This repository provides the code for the paper "OTAPI: Optimizing Treatment Allocation in the Presence of Interference".
The structure of the code is as follows:
OTAPI/
|_ data/
|_ semi_synthetic/
|_ BC/
|_ Flickr/
|_ scripts/
|_ BC_experiment.py
|_ Enron_experiment.py
|_ Flickr_experiment.py
|_ runtime_experiment.py #Measure runtimes of the different methods
|_ spillover0_experiment.py #Experiment with spillover effect == 0
|_ spillover0.1_experiment.py # "" == 0.1
|_ spillover0.3_experiment.py # "" == 0.3
|_ spillover0.5_experiment.py # "" == 0.5
|_ spillover0.7_experiment.py # "" == 0.7
|_ spillover_figures.py # Generate figures after all spillover experiments
|_ watts_strogatz.py
|_ src/
|_ data/
|_ data_generator.py # Code to generate synthetic and semi-synthetic data
|_ datatools.py
|_ methods/
|_ allocation/ # Allocation optimization
|_ utils/
|_ CELF.py # Code for CELF algorithm
|_ Genetic_algorithm.py # Code for genetic algorithms
|_ allocation_utils.py # Utils for the allocations
|_ allocations_runtime.py # Code to measure the runtime of the allocation methods
|_ extra_allocations.py # Code to run extra experiments for the appendix
|_ get_allocations.py # Code to run and save the allocations
|_ causal_models/ # Train relational causal estimator
|_ baselineModels.py # Baseline models (e.g., TARNet and CFR)

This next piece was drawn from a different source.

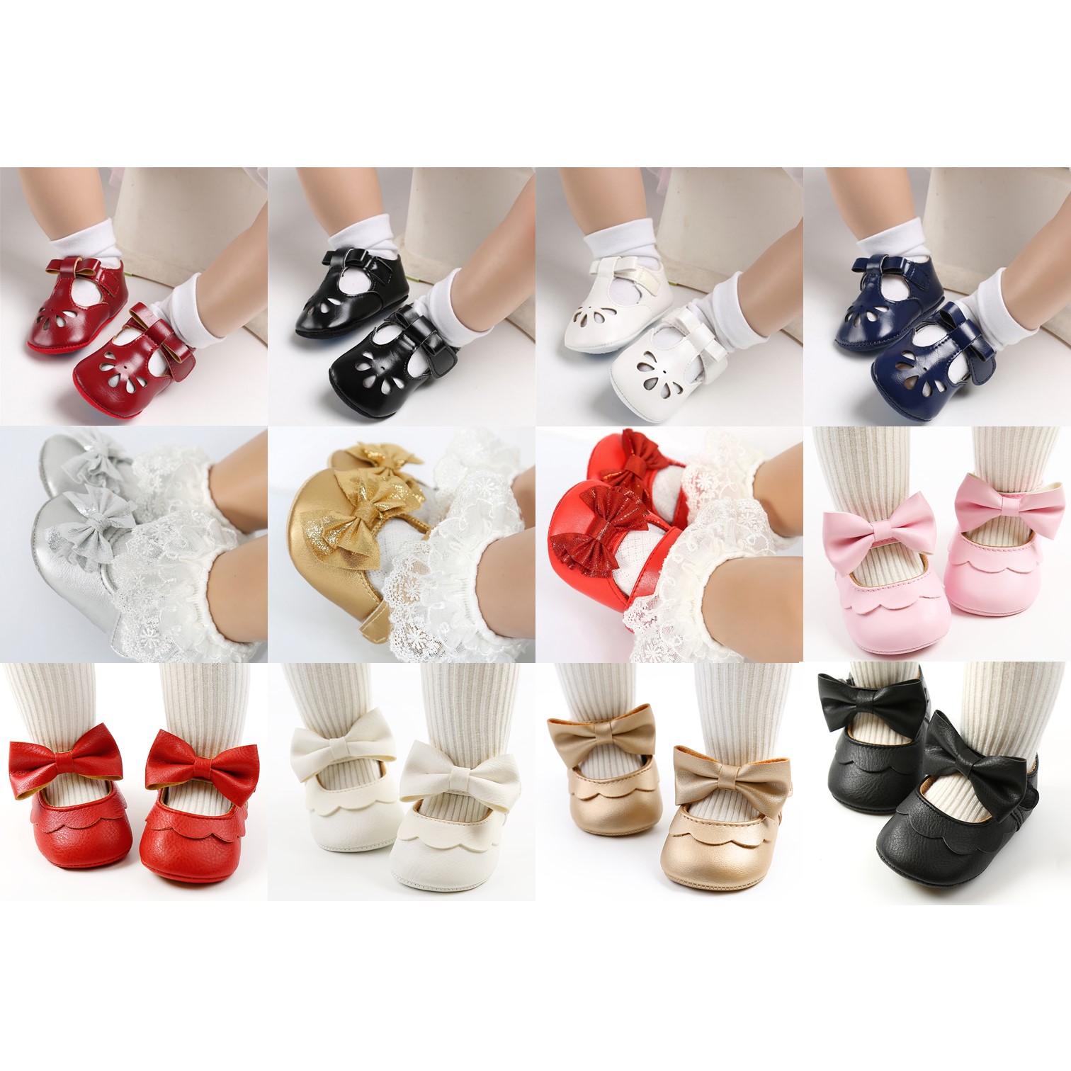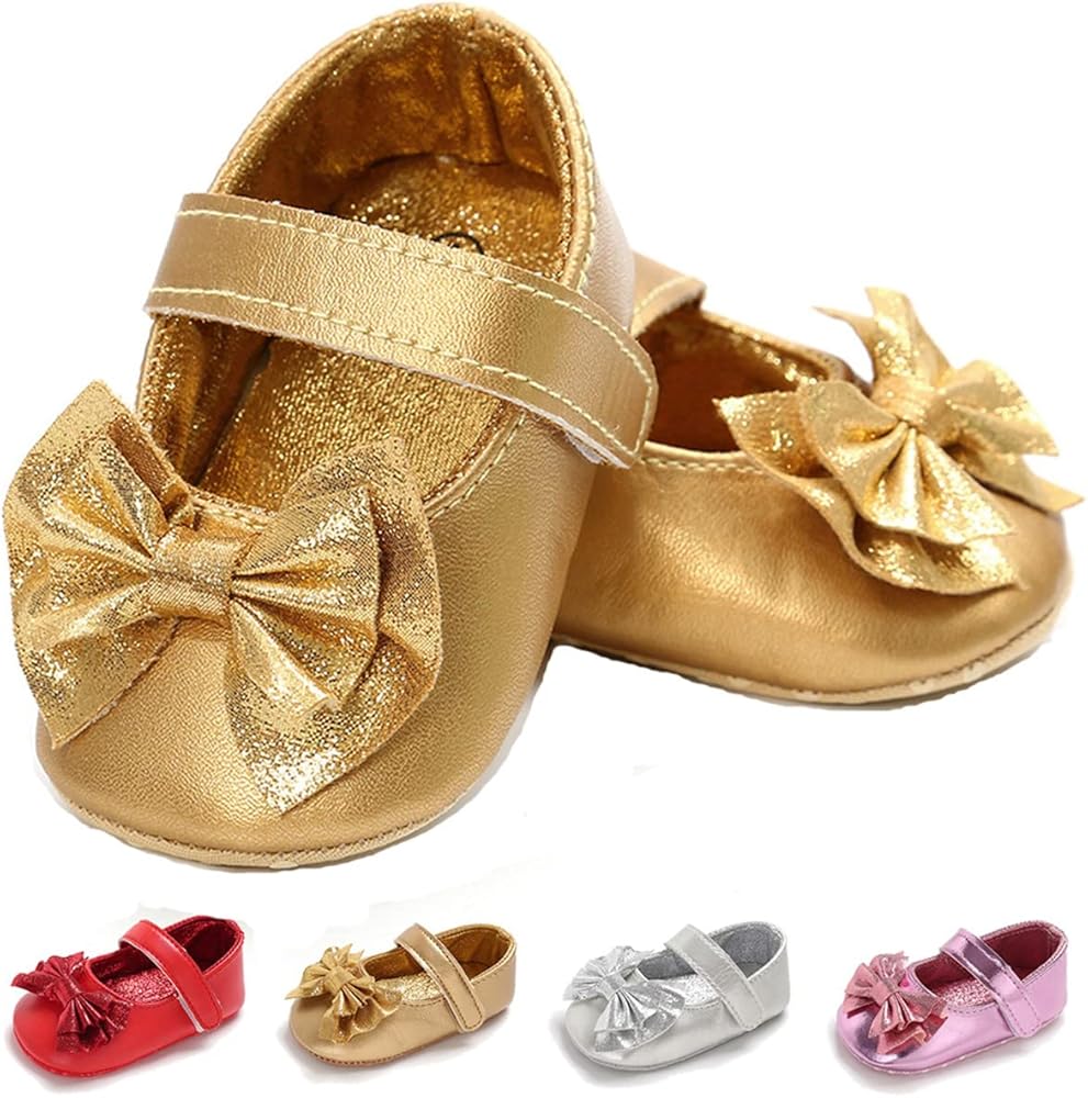لافيجين حذاء ماري جين مسطح للبنات الصغار مع فيونكة ونعل ناعم غير قابل للانزلاق من جلد البولي يوريثين لحديثي الولادة والاطفال الصغار, 0-18 Months Infant
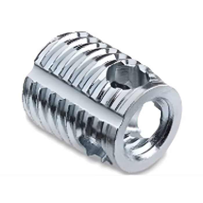 Bản thiết kế ngắn của dòng SBKI (mã chuẩn 307 3). Sản phẩm hội tụ 3 ưu điểm kỹ thuật cơ học: Đầu mũ (mặt bích) cung cấp điểm tỳ giúp gia tăng lực chống nhổ rứt, thân có 3 lỗ cắt phân tán lực hiệu quả khi taro vào vật liệu cứng, và lỗ lục giác chìm giúp rút ngắn tối đa thời gian thi công. Thiết kế thân ngắn đặc biệt được tính toán riêng cho các vị trí lắp đặt có phôi nền mỏng. Cơ cấu lục giác cũng cho phép tháo gỡ linh kiện dễ dàng trước quy trình tái chế.

|_ model_training.py # Model training and evaluation
|_ layers.py
|_ model.py # NetEst model
|_ modules.py
|_ model_tuning.py # Train best model
|_ utils/
|_ plotting.py/ # Generate figures
|_ utils.py/
The requirements.txt provides the necessary packages.
All code was written for python 3.10.13.
Download the data for the BC, Enron, and Flickr datasets from Google Drive. The original Flickr and BC data comes from this repo. We use the same data as Jiang & Sun (2022). The orginal Enron dataset comes from Network Repository.
Put the data in the data/semi_synthetic/ folder. Now, the results from the paper can be reproduced by setting the DIR variable to your directory and running the appropriate script. To reproduce Figures 5a and 5b, the results from all the spillover*_experiment.py are needed
before running the spillover_figures.py file to generate the figures.
Our code builds upon the code from Jiang & Sun (2022).
Jiang, S. & Sun, Y. (2022). Estimating causal effects on networked observational data via representation learning. In Proceedings of the 31st ACM International Conference on Information & Knowledge Management, (pp. 852–861).